Saving My Time (And Sanity): Managing “Can I Pick Your Brain?” Requests

Wed, Feb 21, 2024

People seek your counsel once you’ve achieved some success (real or perceived). It’s flattering at first but can quickly become overwhelming if you don’t learn how to manage it.

Here’s what I’ve learned so far as I work to manage this double-edged sword.

I really like helping people (color me naive, but I believe most people do). I’m always flattered when someone asks for my advice or opinion, and I do my best to serve where I can. When the requests come through sparingly, it’s a welcomed recognition that I’m on the right track.

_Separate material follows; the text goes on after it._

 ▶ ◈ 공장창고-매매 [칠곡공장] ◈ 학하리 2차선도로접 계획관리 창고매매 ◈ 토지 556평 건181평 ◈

The requests began to pick up in frequency and magnitude at a certain point.

 

I get at least a dozen “Can I pick your brain?” requests daily.

It’s easy to manage requests from people I don’t know. My team has a template that outlines the options I make available.

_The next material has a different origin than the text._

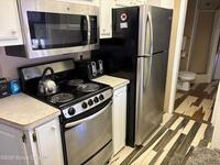 Electric Range, Microwave, Refrigerator, Washer/Dryer Stacked

The real problem has been managing requests from people I know, especially if I like them or feel obligated to maintain a certain decorum. I hate getting a request to connect from someone I like when I feel I don’t have the time to honor the request correctly.

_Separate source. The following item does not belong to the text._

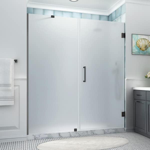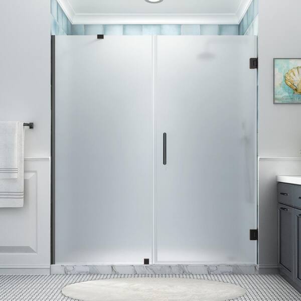 Belmore XL 73.25 - 74.25 in. x 80 in. Frameless Hinged Shower Door with Ultra-Bright Frosted Glass in Oil Rubbed Bronze

A few things that have helped (context-dependent): If someone asks to schedule time or jump on a call, I’ll message back and let them know I’m booked but can text if their question is quick.

 

When it works, it works well and lets me help without disrupting my day.

If the request is bigger than a quick text can accommodate, I’ll ask them to email me so I can get back to them on my own time. I’ve actually written a public article on the power of asynchronous communication.

I will go as far as sending them a link so they don’t feel personally slighted.

And finally, if they absolutely have to hop on a call, I’ll send them my booking link and let them pick a time that works for them. The issue here is it’s not uncommon for me to be booked out weeks ahead. Sometimes, people see that and become more receptive to the email option.

 

For people who don’t want to work within these parameters, I have a difficult choice to make.

I can bend my schedule to their needs (something I’ll do if they’re important enough to me), or I can let them know that’s all I have to offer and I’m sorry it’s not enough for them.

As you can imagine, this can be poorly received.

The problem is that trying to accommodate everyone’s demands would mean never being able to work on what’s truly important to me. This is the necessary sacrifice on the road to accomplishment.

As a people pleaser, it’s a hard one. I’d love your input and advice on this!

How do you manage “Can I pick your brain?” requests?